Движение облаков на небе совсем нельзя было заметить. Облака клубились низко над землей, но даже клубы эти завихривались незримо, лишь медленное, едва уловимое колыхание ветерка давало знать об их движении. Ветер набегал с севера и держал путь к югу.
Он не свистел, не завывал, как положено северному ветру; листья на деревьях едва колыхались, но временами словно чья-то невидимая рука щелчком сбивала лист за листом, они отделялись от ветки и, беззвучно кружа, падали на землю.
А облака все наплывали и надвигались — неуклонно, неудержимо, без края и конца, как само Время, и хотя никто не говорил об этом вслух, но для всех было очевидно, что на гребне дальних холмов, окутанных дымкой тумана, в чаще садовых кустарников, в безмолвии лесов, в мягком шелесте камыша кротко и печально затаилась неугомонная путешественница — Осень.
На рассвете Янош Смородина и Копытко отправились на базар, а Берти остался дома.
— Брось-ка, Берти, в тележку старую бекешу и попону коня прикрыть, а то как бы не промокнуть под дождем. И вскопай огород, пока земля не раскисла…
— Я и сам так думал, — кивнул Берти. — Если уж пойдет дождь и нельзя копать будет, то срублю те две сливы: деревья захирели, проку от них все равно не дождешься. Так что на целый день работы хватит.
Смородина натянул поводья.
— И время от времени посматривай, что делает этот бедняга аист. Не хотел бы я, чтобы он сдох у нас на крыше.

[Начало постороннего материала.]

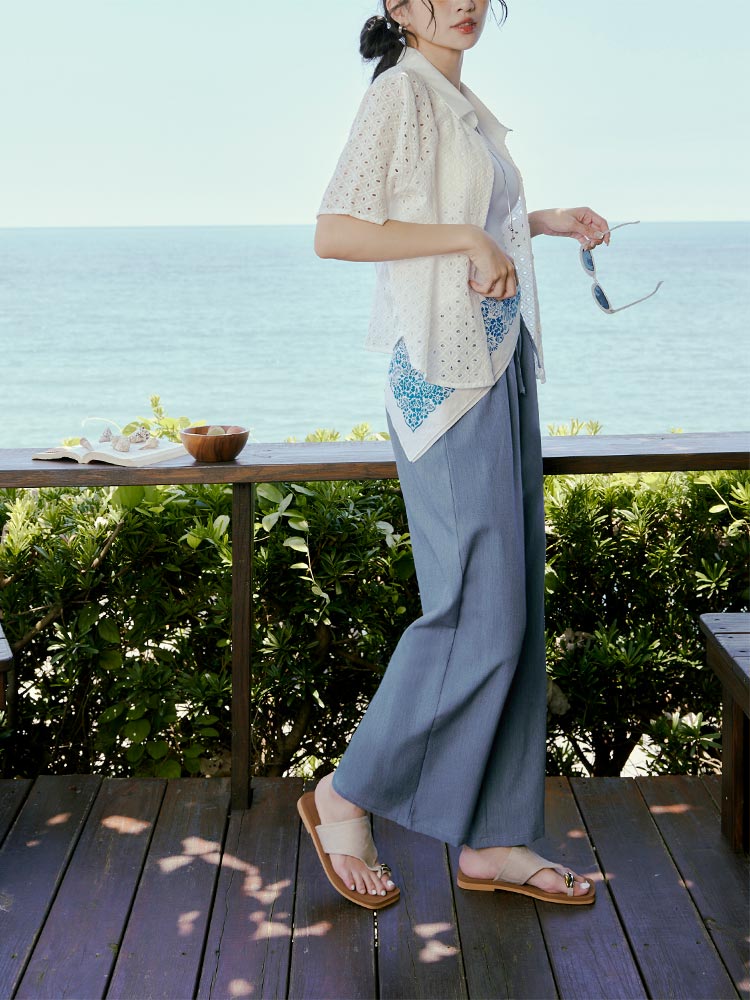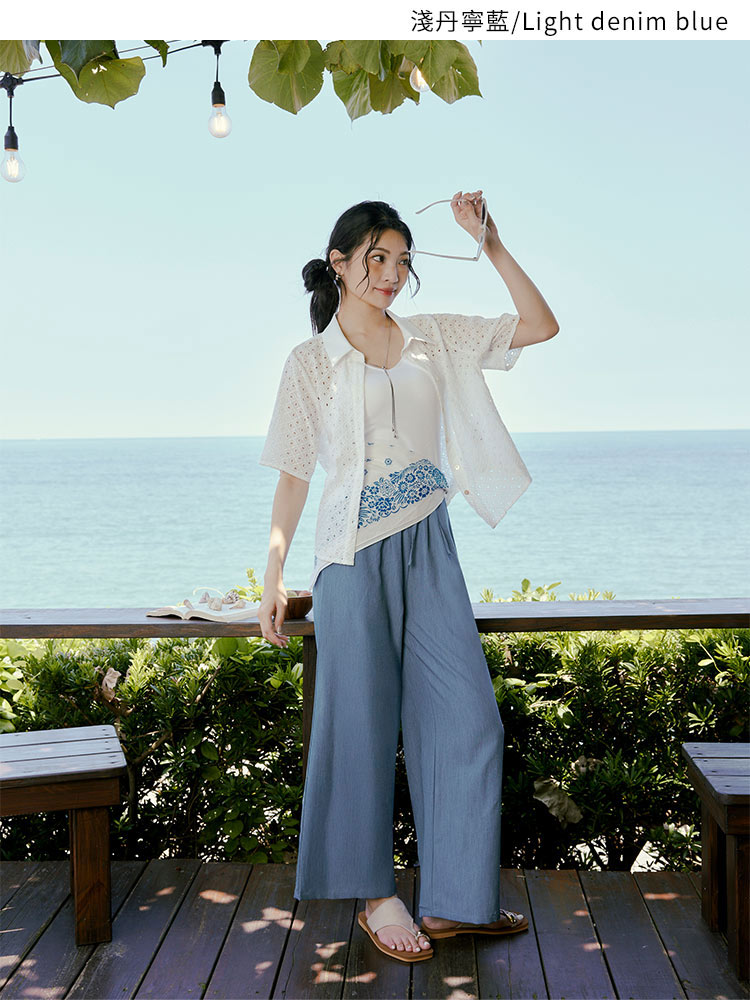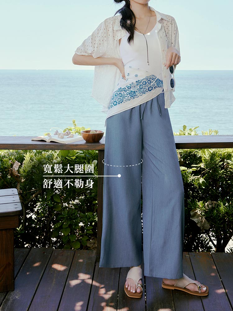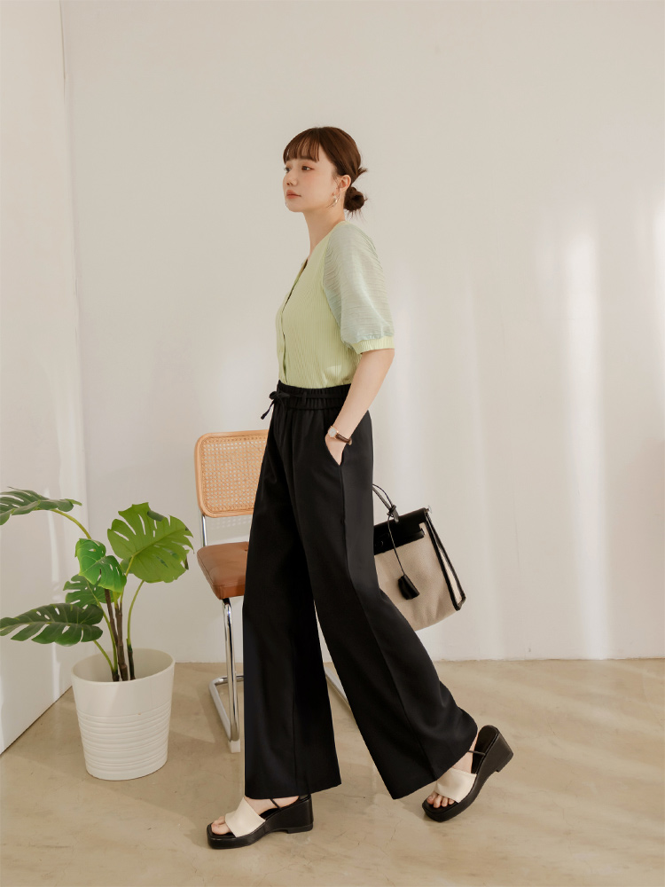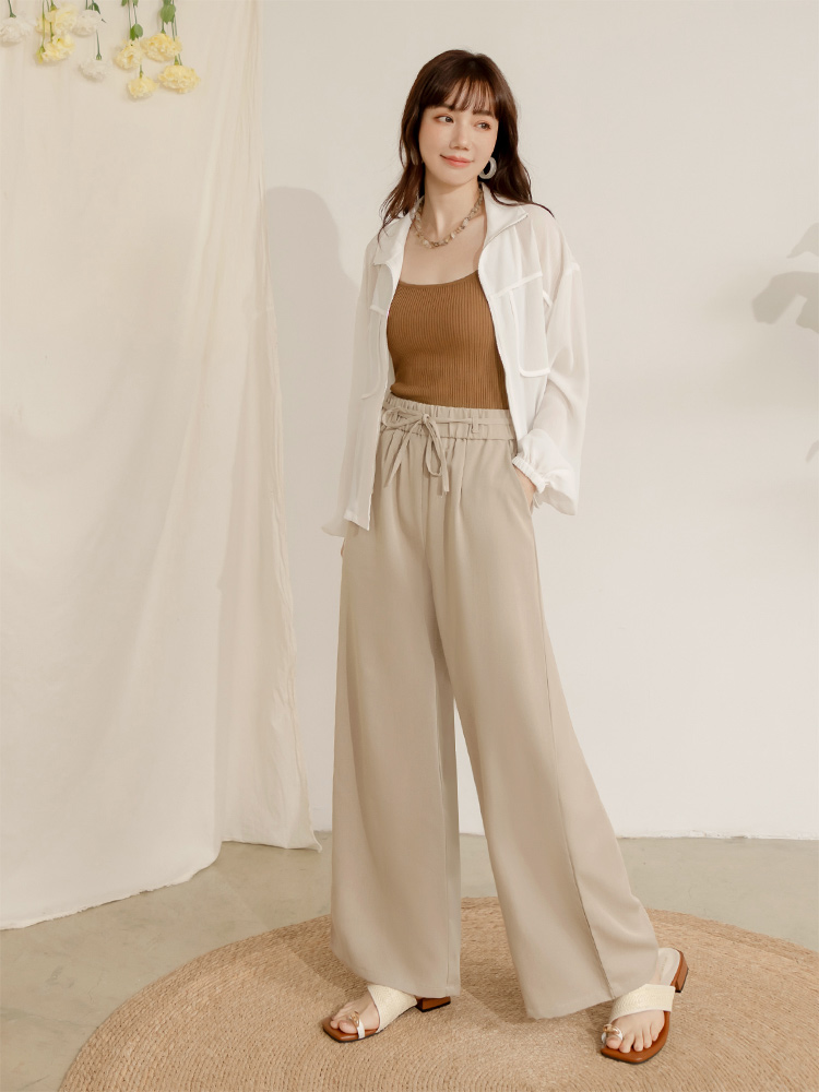 Product Feature: โ Crafted from a wrinkle-resistant blend for easy care. โ Features a comfortable, elasticated waistband. โ Designed with a flattering wide-leg fit. โ Adjustable tie-waist detail.
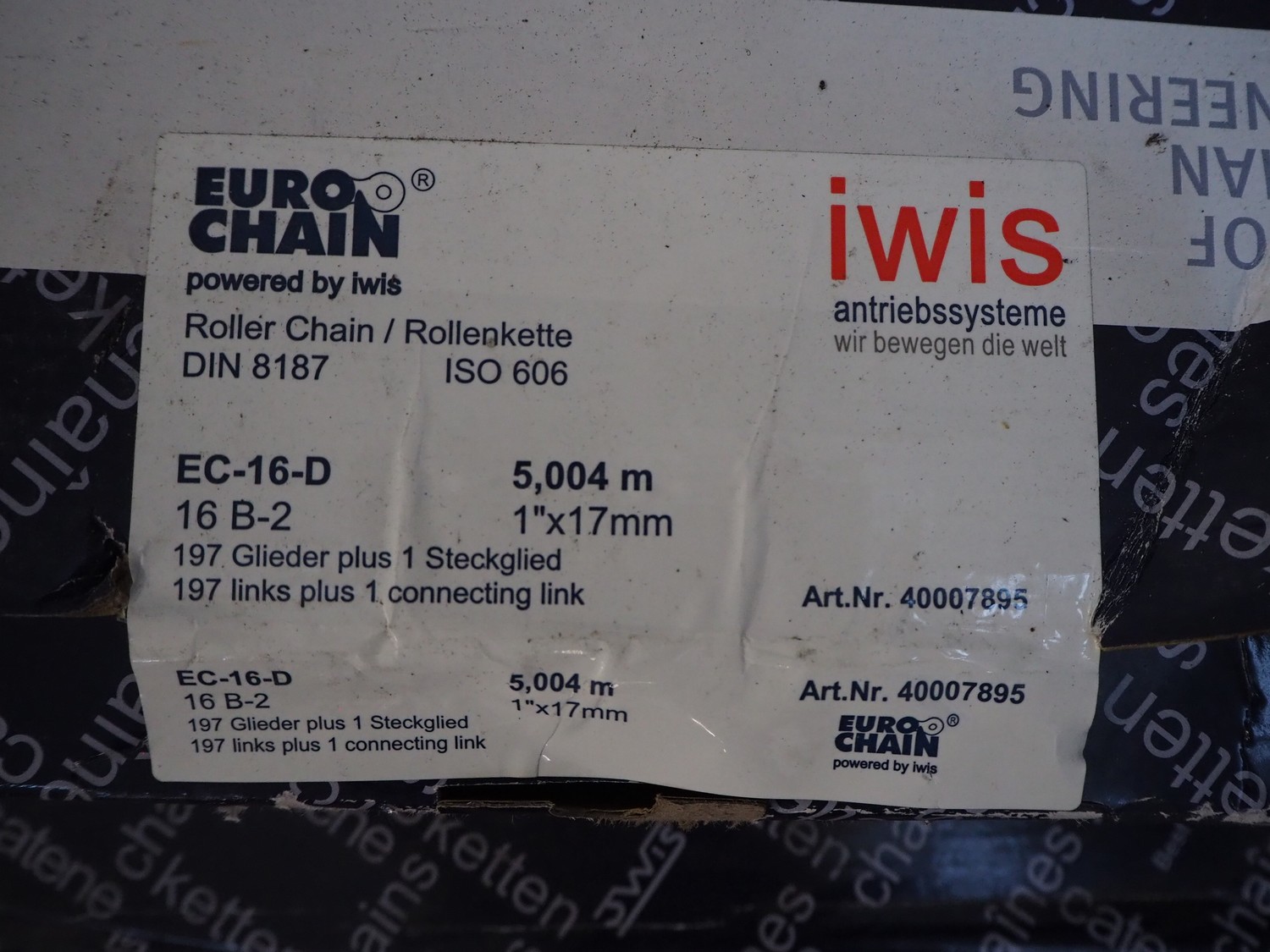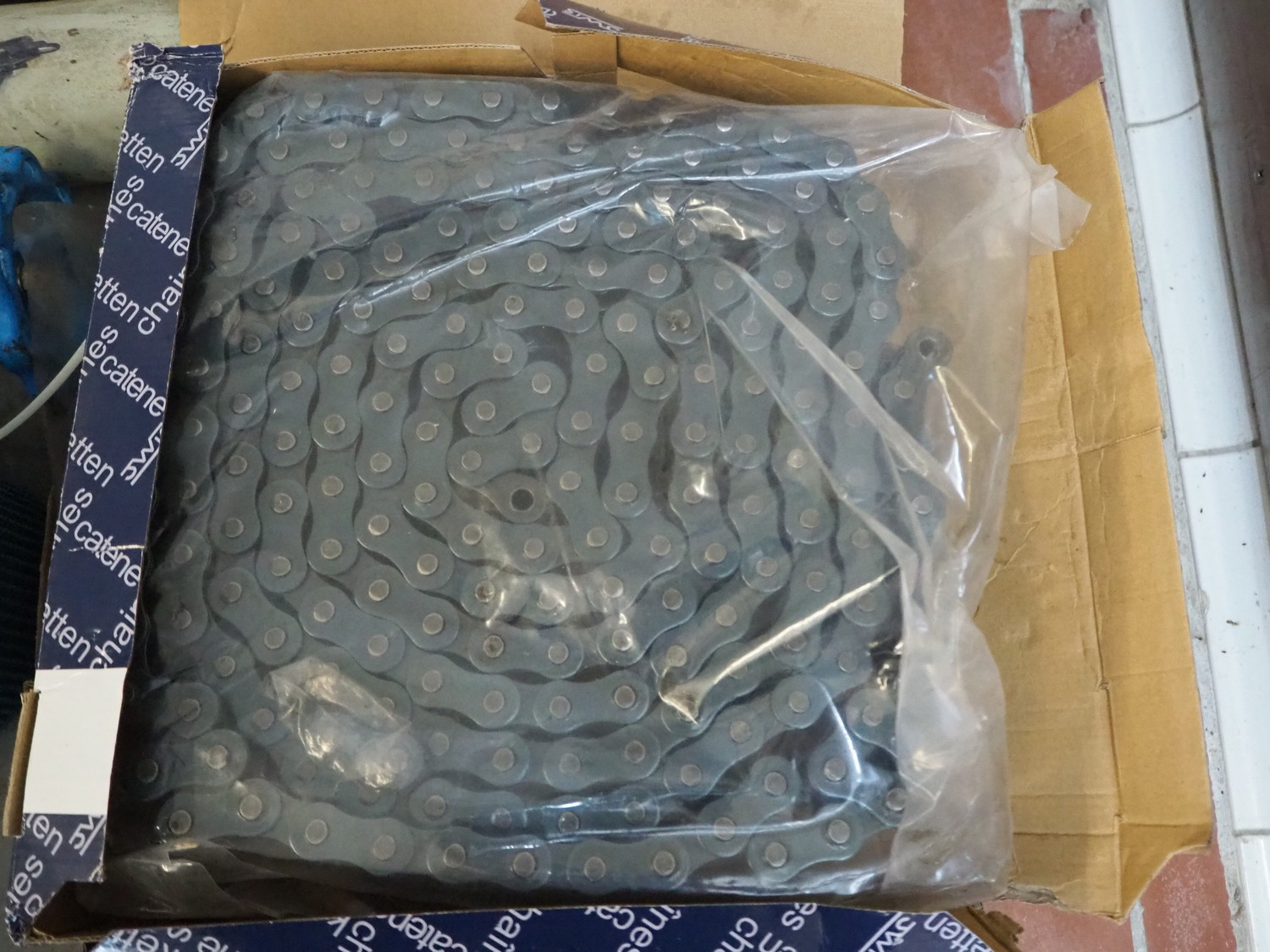 Pallet with various machine parts, among others: motor, transport belts, roller chain and tub.

Рассветный сумрак плыл, густой и тяжелый, и прижавшегося к трубе аиста едва можно было различить. Хмурая мгла рассеивалась долго и неохотно. Берти задал корм птицам, поросенку и корове, позвал кошку Мяу, которая, спустившись с чердака, брезгливо оглядела раскисший от дождя двор, а ее достойные отпрыски ступали по мокрым ступенькам приставной лестницы, едва касаясь ее лапками, словно боялись запачкать новые башмачки. Наскоро вылакав налитое в миску молоко, кошачье семейство опять удалилось под крышу, в уютный полумрак, где запахи овса, пыли и мышей и ровный, прогретый воздух все еще напоминали лето.
— Наверху над нами Келе, — предупредила детенышей Мяу, — не вздумайте вылезти на крышу, не то Келе набросится на вас. Правда, говорят, он околевает, но на то, чтобы выклевать вам глаза, сил у него хватит.
Хвостишки у котят испуганно встопорщились, что означало: они учтут материнское предостережение и будут во всем послушны.
А одинокий аист пока вовсе не собирался умирать, он был только болен. Нахохлившись, думал он свою невеселую думу: солнце прячется где-то высоко в облаках, и, значит, нечего рассчитывать на то, что оно обогреет и подлечит его больное крыло. Все, все оборачивается против него, но это в порядке вещей: кому суждено погибнуть, тот пусть погибает. Вчера он поел как следует и день-другой, пожалуй, еще продержится, а потом…
Аист стоял нахохлившись и прислушивался к своим ощущениям. Прохладный дождь приятно ласкал разгоряченное крыло, и от этого боль чуть стихала. Может быть, филин Ух ошибается, и вылечит рану не солнечное тепло, а это прохладное прикосновение дождя.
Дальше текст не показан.